This paper will examine these two pieces of art in terms of their subject matter comparing them and discussing them in relation to one another.
Fragment of a marble tomb relief with Christ giving the law
Date late 300s
Dimensions Overall: 19 1/2 x 52 3/4 x 6 in. (49.5 x 134 x 15.2 cm)
Credit LineGift of Mrs. Joseph Brummer and Ernest Brummer, in memory of Joseph Brummer, 1948
The power of the Christian church rose quickly with Emperor Constantine's acknowledgment of the faith as a legal religion within the Roman Empire in 313. Gradually the most powerful centers of the church were the old imperial capital, Rome; the new imperial capital, Constantinople, the New Rome; Alexandria; Jerusalem/Caesarea; and Antioch. Throughout the late fourth century, the church in Rome introduced images emphasizing the significance of Saint Peter to whom Christ had given the keys to the kingdom (Matt. 16: 18-20). Usually considered the first bishop of Rome, Saint Peter was martyred and covered up in the city. These Roman images would spread extensively among peoples all over Western Europe as they recognized the power of the Church of Rome.

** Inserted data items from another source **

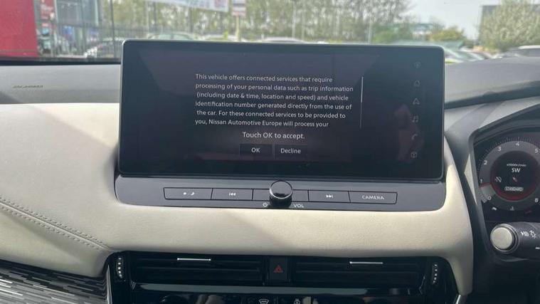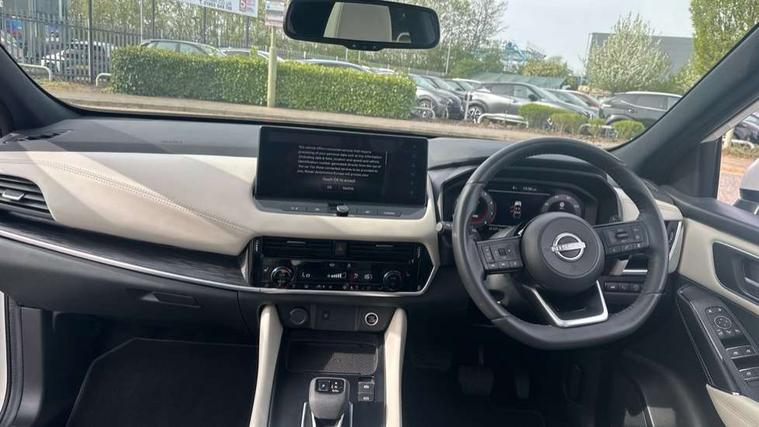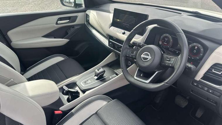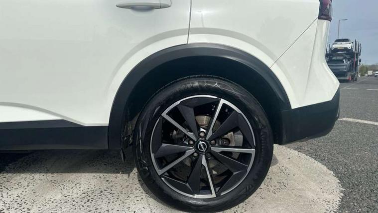 Advanced windscreen head up display, Android auto/Apple CarPlay (Wired), Blind spot warning, Drive modes (sport, normal, eco), Electric speed sensitive power steering, Emergency and breakdown call, Front and rear parking sensors, Full Digital 12.3" TFT Digital Combimeter, Google maps services - search, weather, 3D maps and Google street view, Hands free power tailgate, Idle stop/start system, Intelligent around view monitor, Intelligent Cruise control (ICC), Intelligent driver alert system, Intelligent forward collision warning, Intelligent lane intervention, Lane departure prevention, Lane departure warning system, Lane keep assist, Moving object detection, Nissan connect 12.3 inch touchscreen infotainment system, Nissan connect navigation, ProPilot, Push button starter, Rear cross traffic alert, Rear view camera, Remote control services - door locks, lights, horn and car locator, Telematics - notifications and connectivity services, TomTom live traffic services, Traffic jam pilot, Traffic sign recognition with legal speed adjustment, Trip computer, Virtual personal assistant and firmware over the air capability, Wireless apple carplay, Wireless charging pad, 6 speakers, AM/FM audio system with DAB, Bluetooth audio streaming, Front USB connections (Type-A and Type-C), Rear USB charging only ports (Type-A and Type-C), Auto dimming rear view mirror, Auto rear wiper when reversing, Automatic hazard signal with emergency stop signal, Body colour mirror caps, Body coloured door handles, Bodyside mouldings, Chrome side window finisher, Door handle with button, Electric auto folding door mirrors, Electrically adjustable and heated door mirrors with LED turn indicator, Follow me home headlights, Front and rear LED turning signals, Headlights auto levelling system, Intelligent auto headlights, LED daytime running lights, LED headlights with adaptive driving beam, LED rear lights, One touch front and rear electric windows with remote opening and closing, Partially body coloured bumpers, Privacy glass, Rear bumper with graphite insert, Rear reversing light (bulb lighting), Rear roof spoiler, Rear side wing doors, Rear styling plate, Shark fin antenna, Splash free rain sensing wipers, Super UV and infrared cut glass, Thermaclear heated windscreen, Three blink turn signal, 12v power socket in dashboard and luggage, 2x Rear coat hooks, 3 bench rear seats in 2nd row, 3 rear headrests, 4 folding assist grip, 6 Luggage hooks - 4 on floor, 2 on side, 60/40 split folding rear seat bench, Ambient lighting around centre console, Ambient lighting in front doors, Centre console storage tray, Chrome interior door handles, Cloth/syntech leather monoform upholstery, Dark black/blueish PVC wrapping, Dark headlining, Driver and front passenger sunvisors with illuminated vanity mirrors, Driver seat back pocket, Dual zone automatic climate control with pollen filter, Electrically adjustable driver seat, Electrically adjustable lumbar support for driver, Front and rear door storage, Front centre console and armrest, Front cupholders x 2, Front door with bottle holders, Glovebox with light, Hard trunk cover, Heated front seats, Heated steering wheel, Height adjustable driver's seat, Height adjustable front headrests, Height adjustable passenger seat, Leather steering wheel, Luggage board system, Luggage space lighting, Manual lumbar support on passenger seat, Manually adjustable passenger (slide recline + lifter), Multifunction steering wheel, Passenger seat back pocket, Rear armrest with 2 cupholders, Rear door bottle holders, Single front passenger seat, Soft PVC kneepad, Steering wheel gearshift paddles, Steering wheel switches, Tilt/telescopic adjustable steering wheel, Two rear isofix child seat anchorage points with top tether, Welcome light and doors with console tray ambient lighting, Glass roof pack with roof rails - Qashqai, 3x3 point rear seatbelt pretensioners + load limiters, ABS with EBD and brake assist, Active brake limited slip, Auto hold function, Child locks on rear doors, Curtain and front side, far side airbags, Driver and passenger airbags, Driver, passenger and 2nd row rear seat belt reminder, Electronic parking brake, Front seatbelt pretensioners + load limiters, Height adjustable front seatbelts, Hill start assist, Intelligent blind spot intervention, Intelligent front emergency braking with pedestrian, cyclist recognition and junction assist, Intelligent rear automatic braking, Tyre pressure monitoring system, Vehicle dynamic control, Capless fuel filler, Engine immobiliser, Intelligent Key, Remote central door locking with deadlocking, Thatcham Cat.1 alarm, Interior instrumental panel C finisher, 19" Alloy wheels, Tyre puncture repair kit,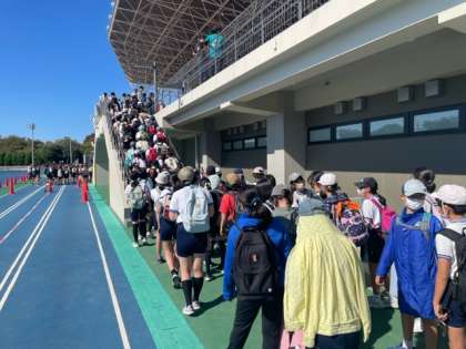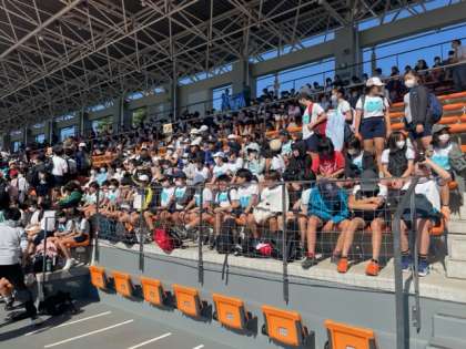 午前の部が終わって、スタンドに座りました。東京オリンピックの時に改修されたきれいなスタンドから応援します。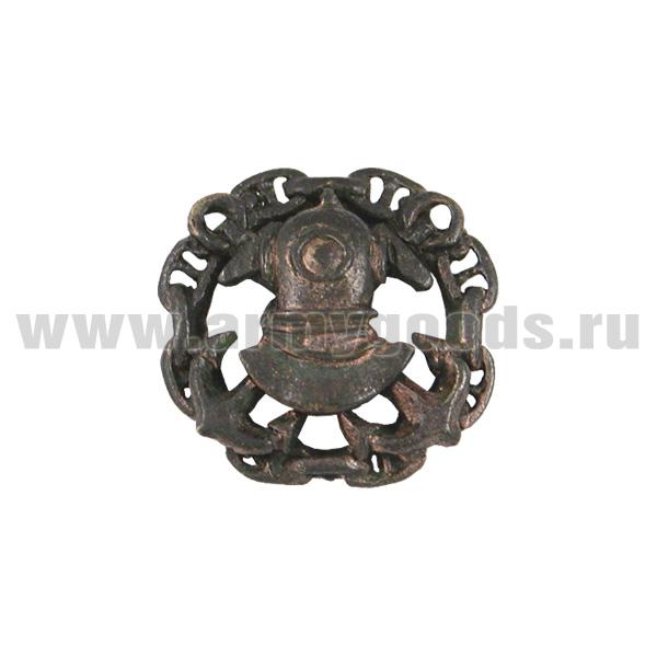 Значок мет. Водолаз на 2 якорях, в цепи (бол. чернен.)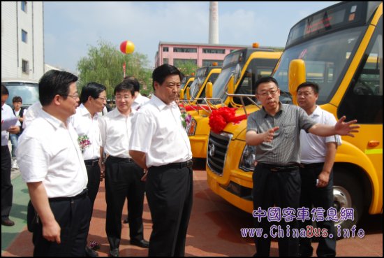 盤錦市市長蹇彪及相關領導參觀黃海校車,黃?蛙囆麄魈庨L林崇富為其講解黃海校車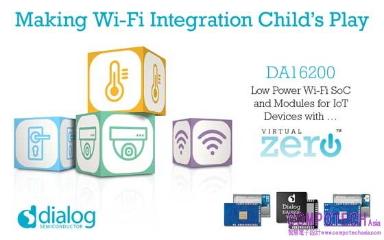 2020年5月11日--英商戴樂格半導體(Dialog Semiconductor,法蘭克福證券交易所代號: DLG)為電池管理、AC/DC電源轉換、Wi-Fi、BLE(藍牙低功耗)、以及工業IC的領先供應商。今日宣布推出高度整合的超低功耗Wi-Fi連網SoC ─ DA16200,以及兩個運用Dialog VirtualZero技術為Wi-Fi連網,電池供電的IoT設備實現電池壽命突破的模組 。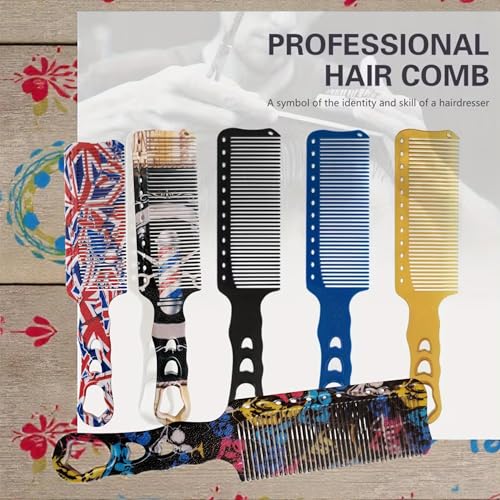Generic - Professional Flat Top Hair Comb with Round Teeth, ABS Material, Heat Resistant Anti-Static Styling Comb with Anti-Slip Design and Hanging Hole for Barbershop and Home Use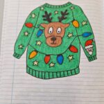 Először megnéztünk egy videót a csúnya karácsonyi pulcsikról, aztán a gyerekek angolul írtak egy-egy történetet, amelyben szerepelnie kellett karácsonyi pulcsinak, egy kisállatnak és egy csodának.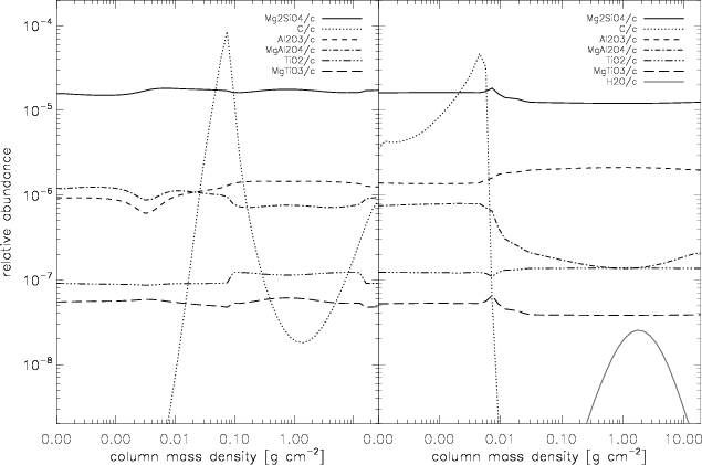 with R=0.094 AU and the right one for R=0.290 AU. Forsterite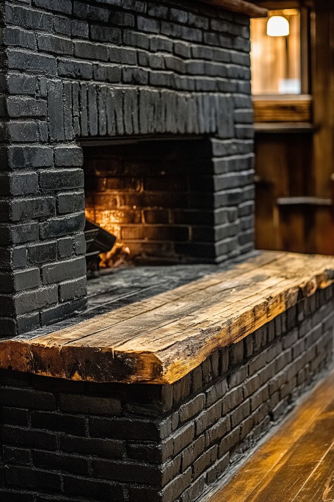 8. Rustic Black Brick Fireplace with Reclaimed Wood Hearth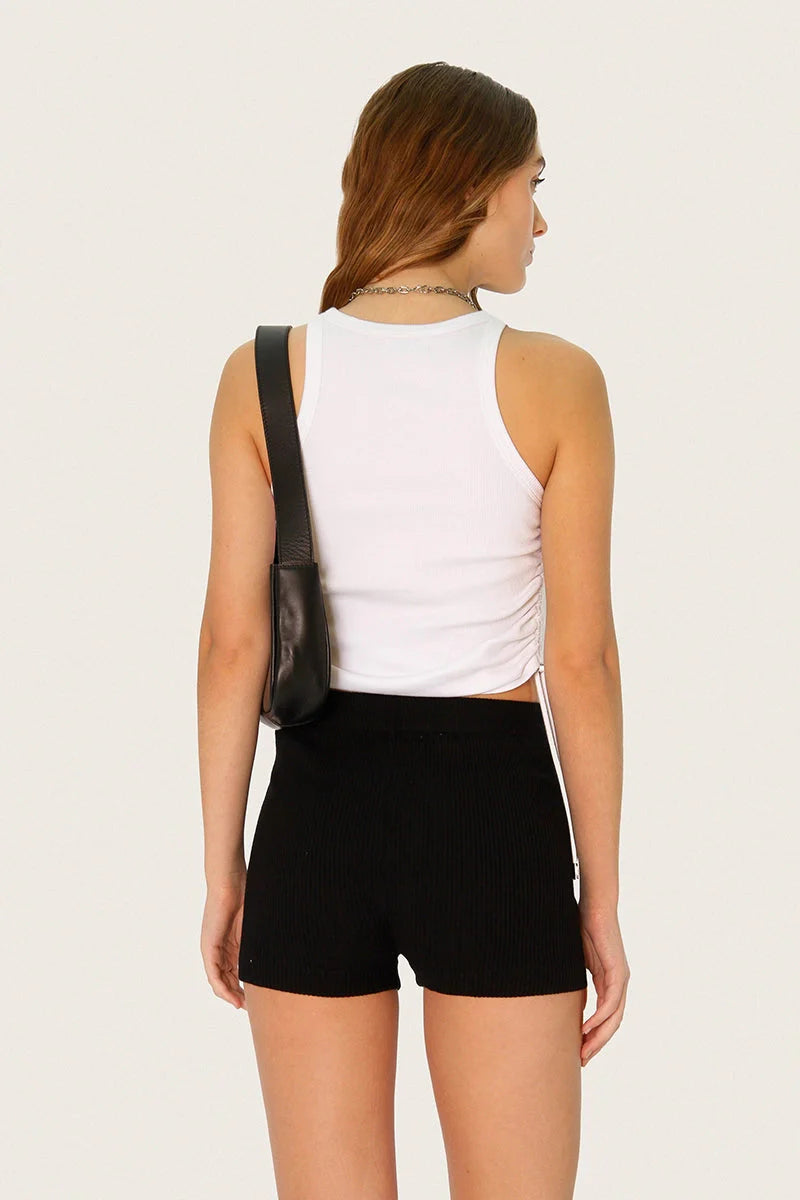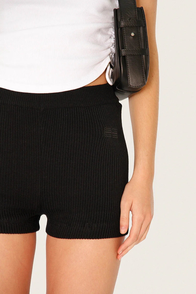 Mini short tiro alto tejido Apris negro con cintura elástica y bordado de marca a tono en la delantera. Su diseño está confeccionado en un tejido suave y liviano que aporta confort, con largo modular por debajo de la cola. Una prenda canchera ideal para acompañar tus días de verano.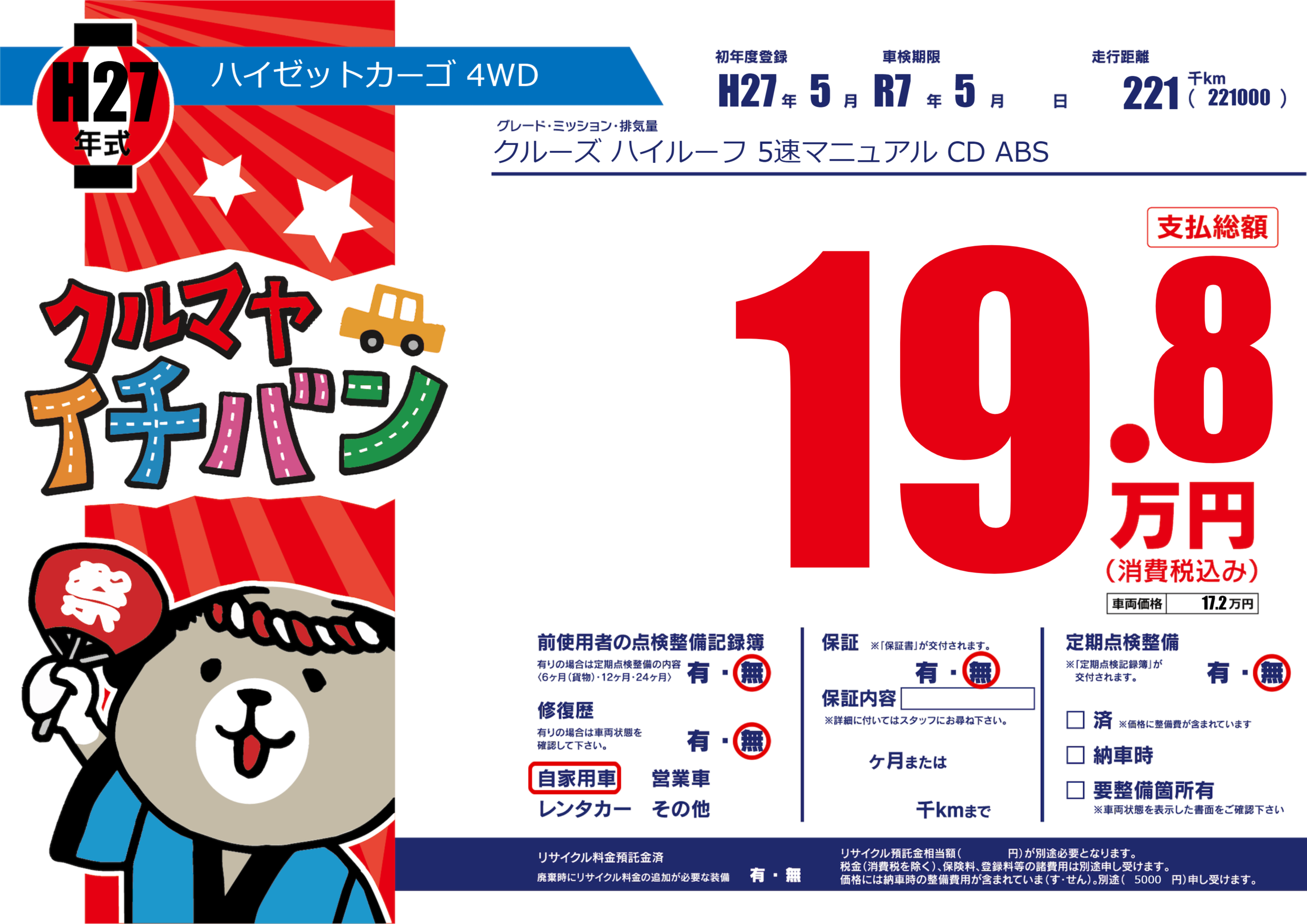 | 車名 | ハイゼットカーゴ 4WD | グレード ミッション 排気量 |

One of these images, the traditio legis, Christ Giving the Law to Saint Peter, expresses Christ contributing an unfurled scroll containing the law to Saint Peter in recognition of his role as the leader of the church. To the left of Christ stands Saint Paul, also martyred in Rome, accepting the power conferred on Peter. Four other apostles endure on this relief. The scene is placed within a traditional Roman sarcophagus form, a series of niches bordered by columns ornamented with putti in vine scrolls.
Sarcophagus with scenes from the lives of Saint Peter and Christ
Date early 4th century, with modern restoration
Dimensions 26 x 84 x 22 13/16 in. (66 x 213.4 x 58 cm)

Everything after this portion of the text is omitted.